Tips for the Under-2 Crowd

If your baby is still in a crib, you obviously aren't going to be setting up morning craft projects. But there are a few things parents of tiny ones can do to get a little more shut-eye:

Don't rush to get her If your baby wakes up early and she's not crying, leave her in the crib, says Atlanta pediatrician Jennifer Shu, M.D. "She may drift back to sleep or at least entertain herself until it's a more reasonable hour."

Turn off the monitor Or at least turn it down. If he wakes and starts playing, you don't need to hear every coo and squeal. Unless your room is very far from your baby's, you're going to hear him when he really needs you.

Trade off with dad Why are you both losing sleep?

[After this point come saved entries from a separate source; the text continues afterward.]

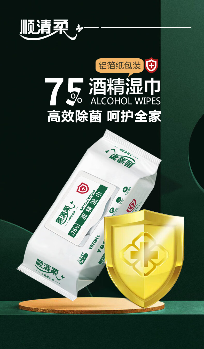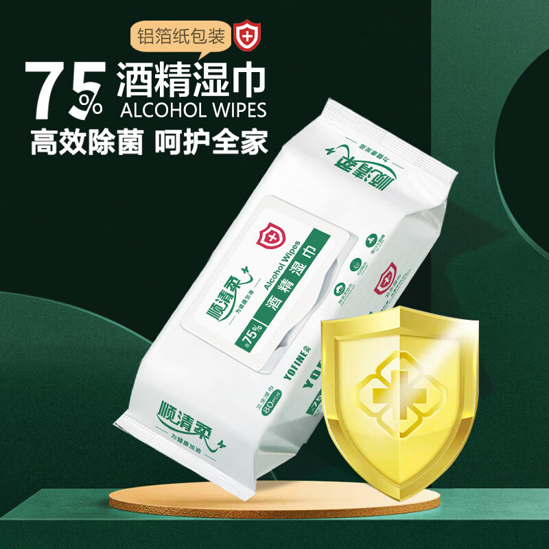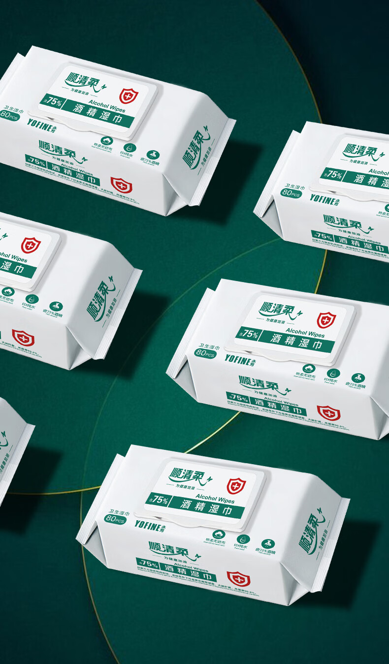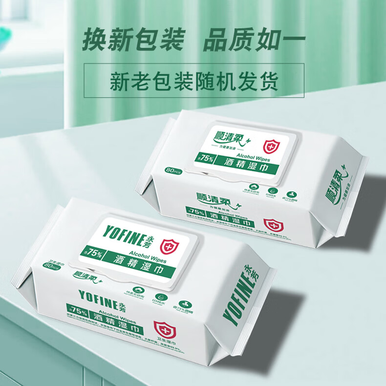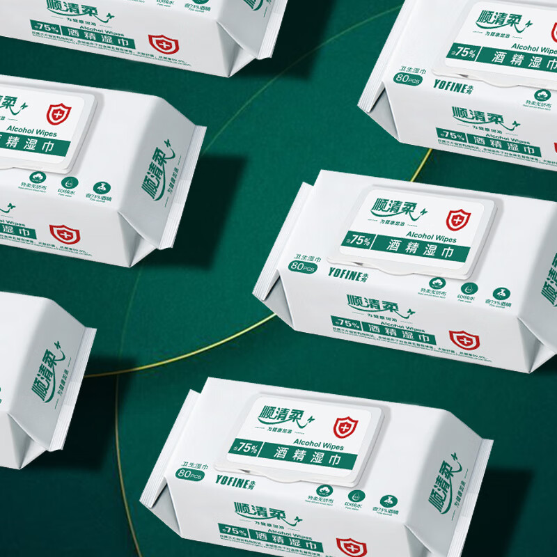 顺清柔湿巾75%酒精湿巾80片*4包 一次性清洁湿纸巾(整箱销售) 自营
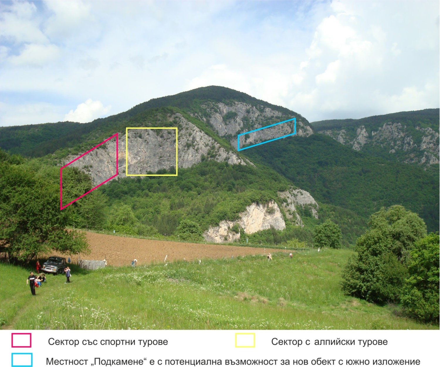 Голям скален венец (1000 м н.в.), който се намира всред няколко други скални фомирования. Мястото се намира вляво над с. Югово. Скалния венец е с формата на полукръг като в лявата си част гледа на изток (където са спортните турове) а в дясната на юг. По пътеката към скалите има чешма. Под скалите има полянка, на която може да се палаткува.
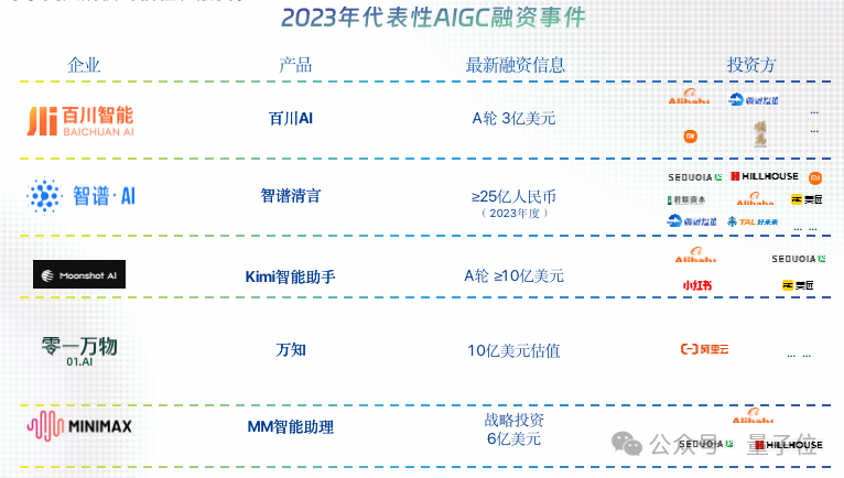 去年,国内 AIGC 圈内一共至少包含 5 起代表性融资事件,其中智谱 AI 凭借智谱清言一年共获得了超过 25 亿元人民币融资,月之暗面的 Kimi 智能助手更是在 A 轮就吸引了超过 10 亿美元。
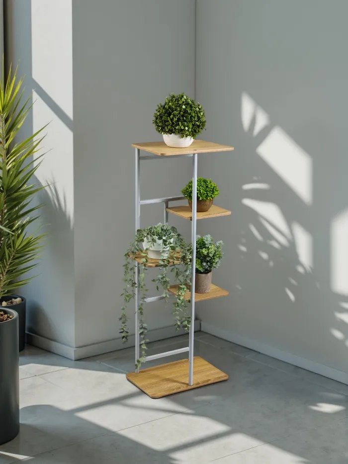 Подставка для цветов Greengo, 4 полки, 36×23×74 см, напольная, каркас металл, полки МДФ, белая
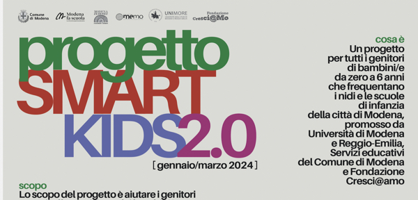 Sta per partire “Smartkids 2.0”, progetto rivolto a tutti i genitori dei bambini da zero a sei anni d’età che frequentano i nidi e le scuole d’infanzia della città di Modena. L’obiettivo del progetto, promosso da Università di Modena e Reggio Emilia insieme a Servizi educativi del Comune di Modena e Fondazione Cresci@amo, giunto alla seconda edizione, è limitare l’eccessiva esposizione dei bambini da 0 e 6 anni ai dispositivi elettronici, con particolare attenzione agli smartphone.
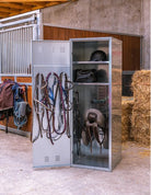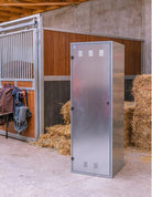Découvrez la Saint Martin, le produit phare de la marque Equitarc. Cette armoire de sellerie est fabriquée à Saint Martin d'Hères en Isère. Utilisée seule ou en groupe, elle est un choix parfait pour aménager vos écuries. Hermétique mais aérée, elle est équipée d'un cadenas ou d'une serrure pour ranger en toute sécurité votre équipement d'équitation. La Saint Martin est fixe, en acier galvanisé anticorrosion, et mesure 1,90 mètres. Elle est également dotée de plusieurs aérations pour le rangement du matériel équestre.
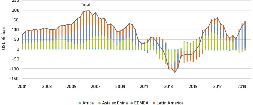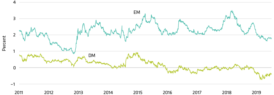 In particular, EM economies are less vulnerable to external shocks than in the days of the taper tantrum, thanks largely to improving current account balances and stable foreign direct investment (FDI). Display 1 combines EM current account balances with FDI flows—typically a stickier, multiyear commitment—into EM countries. This “basic balance” measure provides a fuller (and today, a healthier) picture of EM countries’ external vulnerability. Notably, this is an aggregate measure, and pockets of weakness certainly remain—another reason why it will be important to be selective in 2020.
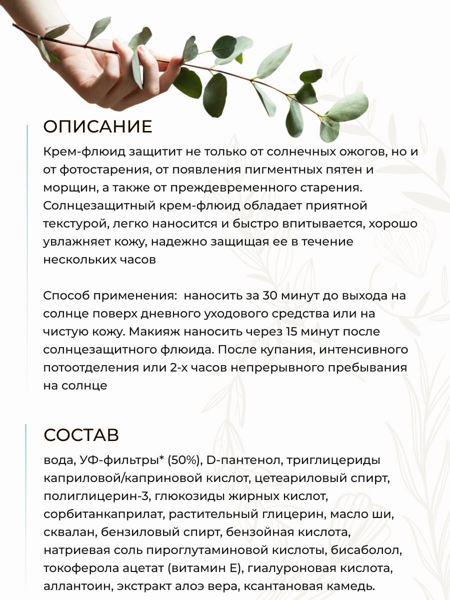 Клеона - 7.3 Солнцезащитный флюид для лица с гиалуроновой кислотой и D-пантенолом SPF 50

Even if you can take turns only on weekends, that one morning of extra sleep can make a difference.

Find an early-morning sitter When you really need to catch up on your zzz's, ask Mom or another relative to spend the night and wake up with the kids. Or hire a sitter to arrive at 6 or 7 a.m., then go back to sleep for an hour or two.

Use clip-on crib toys... From simple plastic mirrors to elaborate activity centers, there are dozens of toys that attach securely to crib rails. "A musical toy with a button a baby can push over and over is great entertainment," says Dr. Shu. (Be sure to take down hanging mobiles, which can be dangerous once your child can sit up.)

...and inside-the-crib toys Once your child is 1, you can sneak in and leave a few age-appropriate toys inside the crib, Dr. Brown  says, as long as they have no small pieces and your child can't stack them and climb out. Try soft blocks, a baby doll, or board books (great for reading and hurling over the rail). Rotate the toys so your baby will always have something new.

Put a playpen in your room If your baby isn't happy unless you're nearby, set up a play yard in your room and fill it with a few favorite toys. Practice during the day first, then once he's comfortable, try it in the morning - while you snooze a little longer.

Michelle Crouch is a freelance journalist in Charlotte, NC, whose three young children wake up with the sun.